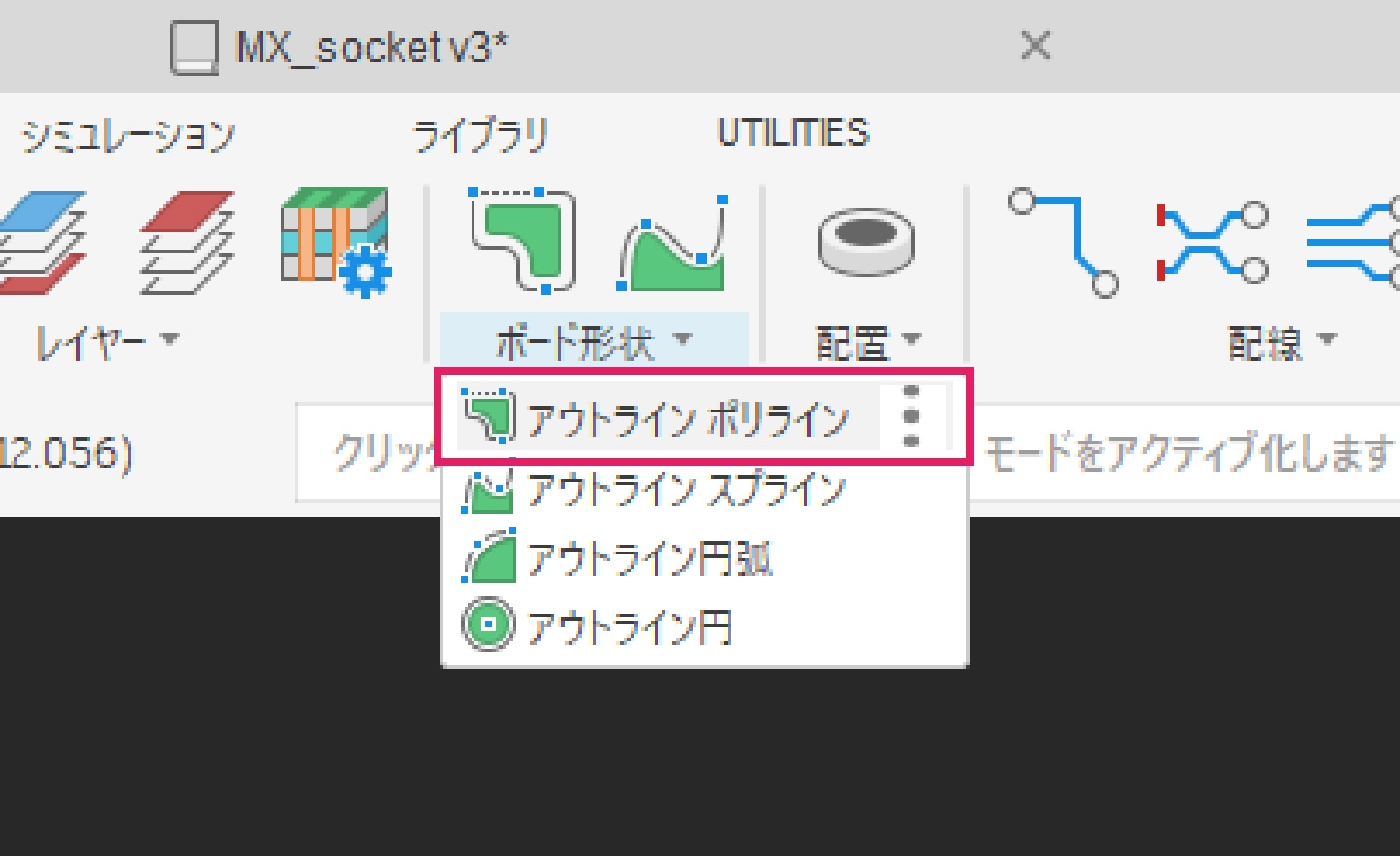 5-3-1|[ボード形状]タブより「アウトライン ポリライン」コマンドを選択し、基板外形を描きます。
========================================
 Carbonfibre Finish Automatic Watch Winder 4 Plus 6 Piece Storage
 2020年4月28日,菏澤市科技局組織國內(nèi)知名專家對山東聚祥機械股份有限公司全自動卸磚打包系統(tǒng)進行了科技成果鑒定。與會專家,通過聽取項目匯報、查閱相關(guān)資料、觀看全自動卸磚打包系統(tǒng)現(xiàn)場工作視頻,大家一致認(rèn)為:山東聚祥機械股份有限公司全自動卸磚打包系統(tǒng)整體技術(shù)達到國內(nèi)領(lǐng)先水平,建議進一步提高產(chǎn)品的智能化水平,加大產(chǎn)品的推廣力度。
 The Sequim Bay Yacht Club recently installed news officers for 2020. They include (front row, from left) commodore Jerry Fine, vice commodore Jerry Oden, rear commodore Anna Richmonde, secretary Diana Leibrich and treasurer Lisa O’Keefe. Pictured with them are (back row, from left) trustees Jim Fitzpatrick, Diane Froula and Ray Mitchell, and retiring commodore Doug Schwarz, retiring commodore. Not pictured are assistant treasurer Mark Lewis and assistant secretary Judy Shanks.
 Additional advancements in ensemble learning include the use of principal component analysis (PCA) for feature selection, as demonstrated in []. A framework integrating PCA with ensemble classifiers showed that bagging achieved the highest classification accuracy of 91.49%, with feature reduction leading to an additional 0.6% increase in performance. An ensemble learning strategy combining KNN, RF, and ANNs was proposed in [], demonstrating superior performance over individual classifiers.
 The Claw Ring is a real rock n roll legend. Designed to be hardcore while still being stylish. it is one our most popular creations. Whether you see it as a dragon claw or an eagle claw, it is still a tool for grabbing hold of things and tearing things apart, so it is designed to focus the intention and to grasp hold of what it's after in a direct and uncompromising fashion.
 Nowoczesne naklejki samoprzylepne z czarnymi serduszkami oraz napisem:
========================================
(PROBLEM REQUIREMENTS) Every line of the listing that includes the word "with" forms the answer.

(RESULT OF THE TASK)
 The Sequim Bay Yacht Club recently installed news officers for 2020. They include (front row, from left) commodore Jerry Fine, vice commodore Jerry Oden, rear commodore Anna Richmonde, secretary Diana Leibrich and treasurer Lisa O’Keefe. Pictured with them are (back row, from left) trustees Jim Fitzpatrick, Diane Froula and Ray Mitchell, and retiring commodore Doug Schwarz, retiring commodore. Not pictured are assistant treasurer Mark Lewis and assistant secretary Judy Shanks.
 Additional advancements in ensemble learning include the use of principal component analysis (PCA) for feature selection, as demonstrated in []. A framework integrating PCA with ensemble classifiers showed that bagging achieved the highest classification accuracy of 91.49%, with feature reduction leading to an additional 0.6% increase in performance. An ensemble learning strategy combining KNN, RF, and ANNs was proposed in [], demonstrating superior performance over individual classifiers.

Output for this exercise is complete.